Ангел молчит, лежа во льдах. Пепельный снег опушил его юное, грустное лицо и волосы, которые можно считать седыми благодаря лампам холодильника.

-- Да-с -- возражает первый - и все-таки не так уж смертен, я подозреваю, ангел, по сравнению с вами или мной. Господь, вы правы, может взять назад, но устранять ангела из иерархии неба не может быть причин, ибо это противоречит самому божьему провидению, подтверждая еретическую доктрину будто бы творец путается в собственных планах или кто-то из созданных может их нарушать. Не отменена жизнь, допустим, но временно прекращена, приостановлена в порядке загадки, загаданной нам с вами. Если вскрывать и выставлять, как вы хотите, в витрине анатомической галереи, это один ответ, но возможен и другой. Вообразите мавзолей ангела, культ спящего вестника, наконец, государственный герб с его изображением. Паломничества, чудеса, слухи, обряды вокруг временно замороженных крыльев. Быть может перед нами лежит спасение, очищение, спящее свидетельство, призванное пробудить миллионы и наставить их на путь раньше, чем они окажутся на наших столах. Не мог ли создатель прервать его судьбу ради нас и мы с вами одни из первых, кто должны среагировать, так что никакого, пожалуйста, вскрытия без благословения священника, ради бога. Еще неизвестно, как он, этот икар, реагирует на разных людей, не исчезнет ли при появлении агента, не оживет ли от прикосновения пальцев иерея.

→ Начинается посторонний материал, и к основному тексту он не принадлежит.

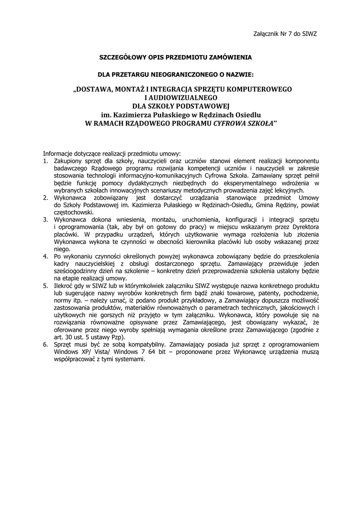 Załącznik Nr 7 do SIWZ SZCZEGÓŁOWY OPIS PRZEDMIOTU ZAMÓWIENIA DLA PRZETARGU NIEOGRANICZONEGO O NAZWIE: „DOSTAWA, MONTAŻ I INTEGRACJA SPRZĘTU KOMPUTEROWEGO I AUDIOWIZUALNEGO DLA SZKOŁY PODSTAWOWEJ im. Kazimierza Pułaskiego w Rędzinach Osiedlu W RAMACH RZĄDOWEGO PROGRAMU CYFROWA SZKOŁA’’ Informacje dotyczące realizacji przedmiotu umowy: 1. Zakupiony sprzęt dla szkoły, nauczycieli oraz uczniów stanowi element realizacji komponentu badawczego Rządowego programu rozwijania kompetencji uczniów i nauczycieli w zakresie stosowania technologii informacyjno-komunikacyjnych Cyfrowa Szkoła. Zamawiany sprzęt pełnił będzie funkcję pomocy dydaktycznych niezbędnych do eksperymentalnego wdrożenia w wybranych szkołach innowacyjnych scenariuszy metodycznych prowadzenia zajęć lekcyjnych. 2. Wykonawca zobowiązany jest dostarczyć urządzania stanowiące przedmiot Umowy do Szkoły Podstawowej im. Kazimierza Pułaskiego w Rędzinach-Osiedlu, Gmina Rędziny, powiat częstochowski. 3. Wykonawca dokona wniesienia, montażu, uruchomienia, konfiguracji i integracji sprzętu i oprogramowania (tak, aby był on gotowy do pracy) w miejscu wskazanym przez Dyrektora placówki. W przypadku urządzeń, których użytkowanie wymaga rozłożenia lub złożenia Wykonawca wykona te czynności w obecności kierownika placówki lub osoby wskazanej przez niego. 4. Po wykonaniu czynności określonych powyżej wykonawca zobowiązany będzie do przeszkolenia kadry nauczycielskiej z obsługi dostarczonego sprzętu. Zamawiający przewiduje jeden sześciogodzinny dzień na szkolenie – konkretny dzień przeprowadzenia szkolenia ustalony będzie na etapie realizacji umowy. 5. Ilekroć gdy w SIWZ lub w którymkolwiek załączniku SIWZ występuje nazwa konkretnego produktu lub sugerujące nazwy wyrobów konkretnych firm bądź znaki towarowe, patenty, pochodzenie, normy itp. – należy uznać, iż podano produkt przykładowy, a Zamawiający dopuszcza możliwość zastosowania produktów, materiałów równoważnych o parametrach technicznych, jakościowych i użytkowych nie gorszych niż przyjęto w tym załączniku. Wykonawca, który powołuje się na rozwiązania równoważne opisywane przez Zamawiającego, jest obowiązany wykazać, że oferowane przez niego wyroby spełniają wymagania określone przez Zamawiającego (zgodnie z art. 30 ust. 5 ustawy Pzp). 6. Sprzęt musi być ze sobą kompatybilny. Zamawiający posiada już sprzęt z oprogramowaniem Windows XP/ Vista/ Windows 7 64 bit – proponowane przez Wykonawcę urządzenia muszą współpracować z tymi systemami. Zestawienie sprzętu: Część I – dostawa komputerów przenośnych (laptopów) i urządzeń sieciowych I. Komputer przenośny dla nauczyciela (2 szt.) Nazwa Lp. Wymagane przez zamawiającego parametry minimalne komponentu 1 Procesor 2 Chipset 3 Pamięć operacyjna RAM 4 Ekran 5 Karta graficzna Wyjścia karty graficznej Dysk twardy 6 7 8 9 Napęd optyczny Czytnik kart pamięci Dedykowany do pracy w komputerach przenośnych, architektura 64 bity, wielordzeniowy. Procesor ma osiągnąć ponad 2200 punktów w teście Single CPU Systems w kategorii Passmark CPU Mark, według wyników opublikowanych na stronie http://www.cpubenchmark.net/cpu_list.php.. Dostosowany do zaproponowanego procesora Minimum 4 GB DDR3 (1600 MHz) (pamięć RAM rozszerzalna do 8 GB) Wielkość matrycy co najmniej 15.6”, panoramiczna z powłoką antyrefleksyjną, matowa typu non-glare, podświetlanie LED Zintegrowana lub zewnętrzna Obowiązkowo wyjście HDMI, D-Sub opcjonalnie DisplayPort Minimum 500 GB, SATA DVD+/-RW 3w1 SD, SDHC, SDXC WiFi IEEE 802.11b/g/n 10 Interfejsy Komunikacyjne 12 Interfejsy zewnętrzne Kamera 13 Dźwięk 14 Bateria 15 Klawiatura i mysz 16 System operacyjny 11 17 Pakiet biurowy Gigabit Ethernet LAN 10 / 100 / 1 000 Co najmniej 2xUSB 2.0 i 2xUSB 3.0, wyjście słuchawkowe, wejście mikrofonowe Zintegrowana, kolorowa o rozdzielczości co najmniej 0.3 Mpix Zintegrowana karta muzyczna stereo, zintegrowane głośniki stereo, wbudowany mikrofon Praca na baterii minimum 3 godziny, ładowarka lub zasilacz w zestawie. Zaimplementowane funkcje oszczędzania energii Klawiatura QWERTY bez dodatkowych znaków diakrytycznych lub ze znakami dla języka polskiego. Wbudowany Touchpad. Dodatkowo mysz zewnętrzna optyczna z dwoma przyciskami i kółkiem przewijania. - Microsoft Windows 7 Home Premium PL 64Bit SP1 (preferowany system operacyjny ze względu na pełną integralność z istniejącą siecią komputerową szkoły) Microsoft Office 2010 Standard licencja MOLP Edu na 29 stanowisk (obejmuje komputery dla uczniów i nauczycieli), (z oprogramowaniem Word, Excel, Outlook, PowerPoint), zamawiający nie dopuszcza licencji typu OEM, lub inne równoważne spełniające wymagania opisane w SIWZ 18 Dodatkowe oprogramowanie 19 Waga 20 21 Warunki gwarancji Certyfikaty i standardy - oprogramowanie antywirusowe (zapewniający ochronę przed wirusami, trojanami, spamem, hakerami oraz innymi zagrożeniami płynącymi z Internetu. Aktualizacja baz przez 3 lata, licencja ważna 3 lata) - oprogramowanie zabezpieczające komputer w przypadku kradzieży, - oprogramowanie do zarządzania zestawem przenośnych komputerów dla potrzeb przeprowadzania zajęć lekcyjnych typu eKlasa - oprogramowanie zabezpieczające uczniów przed dostępem do treści niepożądanych w rozumieniu art. 4a ustawy z dnia 07 września 1991 r. o systemie oświaty, np. „Opiekun ucznia w Internecie” z baterią: maksymalnie 2,5 kg Gwarancja 36 miesięcy deklaracja zgodności CE certyfikat ISO 9001 dla producenta sprzętu 22 23 Efektywność energetyczna Urządzenie musi wypełniać warunki Energy Star 5.0. Dodatkowe dołączony nośnik ze sterownikami W przypadku, gdy zaoferowany sprzęt nie jest oznaczony logo ENERGY STAR, należy wykazać, że przeszedł on równoważne testy energetyczne. II. Komputer przenośny dla ucznia (27 szt.) Nazwa Lp. Wymagane przez zamawiającego parametry mini

Сказав это, первый трогает с арбузным хрустом край свинцового крыла и пытается надломить. Но перья просто так не ломаются. Оба собеседника в присутствии этого, невыясненно мертвого, тела, обмениваются победоносными взглядами, как будто неподатливость замороженного оперения есть аргумент в чью-то пользу. Им просто слишком холодно, чтобы и дальше тут оставаться.

Я ничего не знал, шел мимо морга и смеялся. И считал свое веселие беспричинным так же, как двое в морге считали имеющим причину свой диалог. Хотя смеялся я именно по поводу обсуждаемого в морге экземпляра, подобранного позавчера пожарными на чердаке и, по их версии, задохнувшегося от дыма. Пожар же был вызван прямым залпом молнии в крышу.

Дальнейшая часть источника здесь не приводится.